Raw data —
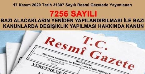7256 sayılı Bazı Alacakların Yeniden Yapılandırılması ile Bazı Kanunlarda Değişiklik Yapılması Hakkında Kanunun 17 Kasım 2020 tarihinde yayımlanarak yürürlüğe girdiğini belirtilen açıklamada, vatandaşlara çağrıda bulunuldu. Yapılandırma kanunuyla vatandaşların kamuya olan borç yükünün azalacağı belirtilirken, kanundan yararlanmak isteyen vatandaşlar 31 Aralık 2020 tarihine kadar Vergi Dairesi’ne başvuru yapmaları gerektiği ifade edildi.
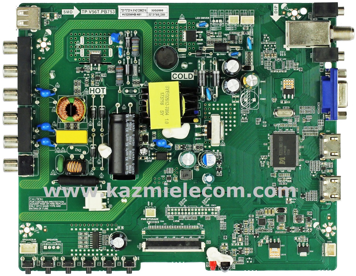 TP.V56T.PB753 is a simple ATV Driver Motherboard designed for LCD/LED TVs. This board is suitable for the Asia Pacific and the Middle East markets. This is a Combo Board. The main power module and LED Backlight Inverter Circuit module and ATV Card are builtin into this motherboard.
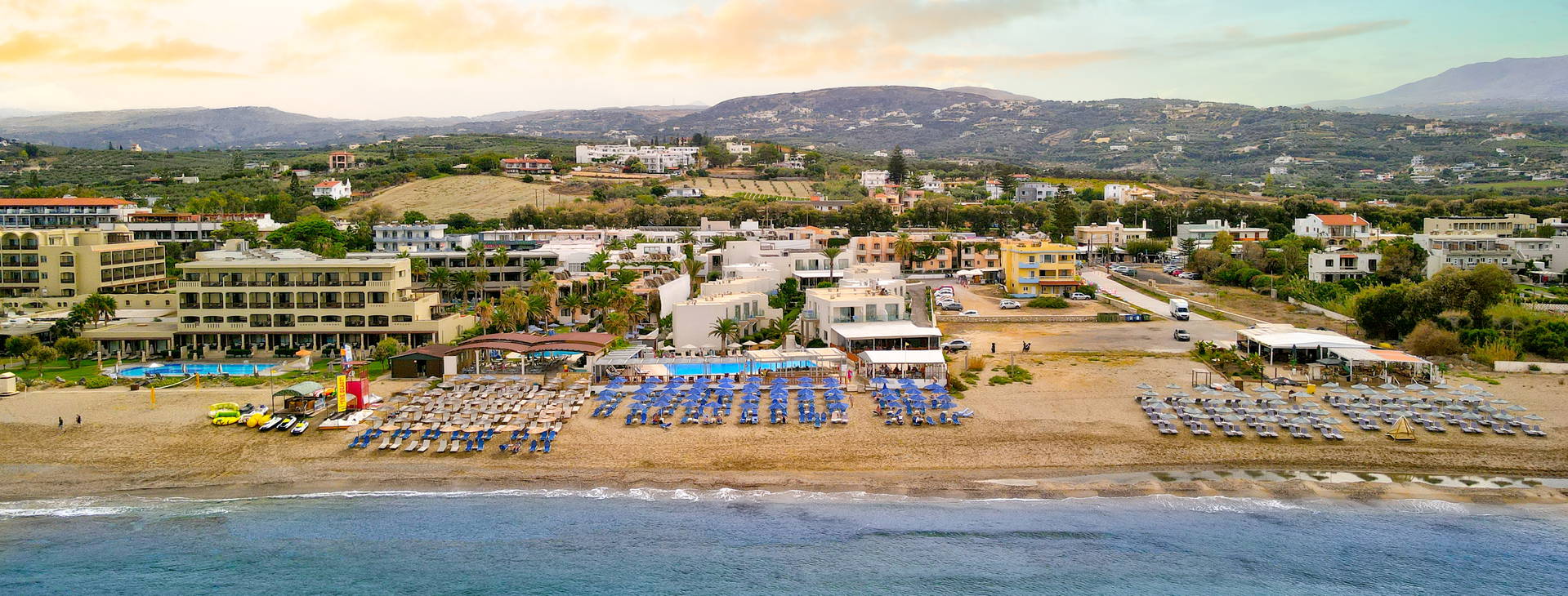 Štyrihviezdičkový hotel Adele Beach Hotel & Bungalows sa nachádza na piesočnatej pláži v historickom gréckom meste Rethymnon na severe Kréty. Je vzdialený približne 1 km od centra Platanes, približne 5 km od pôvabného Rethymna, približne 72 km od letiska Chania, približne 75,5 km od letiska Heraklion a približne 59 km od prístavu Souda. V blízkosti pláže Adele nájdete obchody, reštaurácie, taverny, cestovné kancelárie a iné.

Exercise —
Please, without any of the pictures, set down exactly the lines from the beginning of the listing to the line that contains "TP.V56T.PB753 is a", inclusive.

Problem solution —
7256 sayılı Bazı Alacakların Yeniden Yapılandırılması ile Bazı Kanunlarda Değişiklik Yapılması Hakkında Kanunun 17 Kasım 2020 tarihinde yayımlanarak yürürlüğe girdiğini belirtilen açıklamada, vatandaşlara çağrıda bulunuldu. Yapılandırma kanunuyla vatandaşların kamuya olan borç yükünün azalacağı belirtilirken, kanundan yararlanmak isteyen vatandaşlar 31 Aralık 2020 tarihine kadar Vergi Dairesi’ne başvuru yapmaları gerektiği ifade edildi.
 TP.V56T.PB753 is a simple ATV Driver Motherboard designed for LCD/LED TVs. This board is suitable for the Asia Pacific and the Middle East markets. This is a Combo Board. The main power module and LED Backlight Inverter Circuit module and ATV Card are builtin into this motherboard.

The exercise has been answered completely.